=== Extracted material ===

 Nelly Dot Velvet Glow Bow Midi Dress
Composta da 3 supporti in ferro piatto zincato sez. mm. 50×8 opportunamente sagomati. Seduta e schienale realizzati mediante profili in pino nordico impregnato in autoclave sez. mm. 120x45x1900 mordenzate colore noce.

===
=== Extracted material ===

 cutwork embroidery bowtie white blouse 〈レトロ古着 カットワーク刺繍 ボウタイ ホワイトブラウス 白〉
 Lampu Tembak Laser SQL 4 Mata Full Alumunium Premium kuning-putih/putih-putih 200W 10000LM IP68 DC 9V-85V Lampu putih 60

===

# [Exercise goal]
Could you return exactly the lines above from the line with "cutwork embroidery bowtie" to the line with "Lampu Tembak Laser", both included, and nothing else?

# [Result of this exercise]
 cutwork embroidery bowtie white blouse 〈レトロ古着 カットワーク刺繍 ボウタイ ホワイトブラウス 白〉
 Lampu Tembak Laser SQL 4 Mata Full Alumunium Premium kuning-putih/putih-putih 200W 10000LM IP68 DC 9V-85V Lampu putih 60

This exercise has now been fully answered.